Your body is doing something remarkable. Stretch marks, if they come, are evidence of that — not evidence of failure. Care for your skin honestly and generously, accept what science can and cannot promise, and know that the marks themselves will fade significantly with time. That is the truth, and it is enough.
Frequently asked questions
Can any cream actually prevent stretch marks during pregnancy?
According to the Cochrane Collaboration's systematic review, no topical cream, oil, or lotion has been shown to prevent stretch marks with statistical significance. However, regular application of hydrating products improves skin elasticity, reduces itching, and may lessen the severity of marks that do form.
When should I start using body oil during pregnancy?
As early as the first trimester. Research shows that 45% of stretch marks appear before week 24, so starting in the third trimester misses a substantial part of the risk window. Early, consistent application gives the skin the longest possible period to build hydration and resilience.
Are stretch marks genetic?
Genetics are the single strongest predictor.
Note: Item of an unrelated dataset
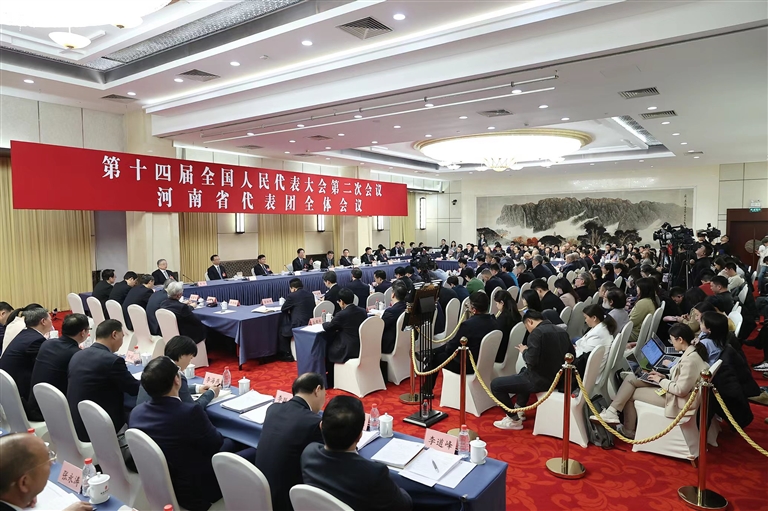 ?3月7日下午,十四屆全國人大二次會(huì)議河南代表團(tuán)舉行全體會(huì)議,并向境內(nèi)外媒體開放。本報(bào)記者 董亮 杜小偉 攝

If your mother developed stretch marks during pregnancy, your risk is significantly elevated. Other factors — age, rate of weight gain, baby's birth weight, and skin type — also contribute, but family history is the most reliable indicator.
Is it safe to use body oil throughout the entire pregnancy?
Yes, provided the oil is free from retinoids, high-concentration salicylic acid, harmful essential oils, and endocrine-disrupting chemicals. Products formulated without parabens, silicones, and synthetic fragrances — such as plant oil-based body oils with vitamin E — are considered safe for use from the first trimester through to delivery and beyond.
Do stretch marks from pregnancy ever fully disappear?
Fresh red or purple marks (striae rubrae) fade significantly within 6–12 months, transitioning to paler, less visible lines (striae albae). While they rarely disappear completely, they become substantially less noticeable over time. Post-partum options such as prescription retinoids and laser therapy can further improve their appearance.

Sources
- Brennan, M. et al. (2012) 'Topical preparations for preventing stretch marks in pregnancy', Cochrane Database of Systematic Reviews, Issue 11, Art. No.: CD000066.
- Atwal, G. S. S. et al. (2006) 'Striae gravidarum in primiparae', British Journal of Dermatology, 155(5), pp. 965–969.
- Osman, H. et al. (2007) 'Risk factors for the development of striae gravidarum', American Journal of Obstetrics and Gynecology, 196(1), pp. 62.e1–62.e5.
- Ud-Din, S. et al. (2016) 'Topical management of striae distensae (stretch marks): prevention and therapy of striae rubrae and albae', Journal of the European Academy of Dermatology and Venereology, 30(2), pp. 211–222.
- Korgavkar, K. and Wang, F. (2015) 'Stretch marks during pregnancy: a review of topical prevention', British Journal of Dermatology, 172(3), pp. 606–615.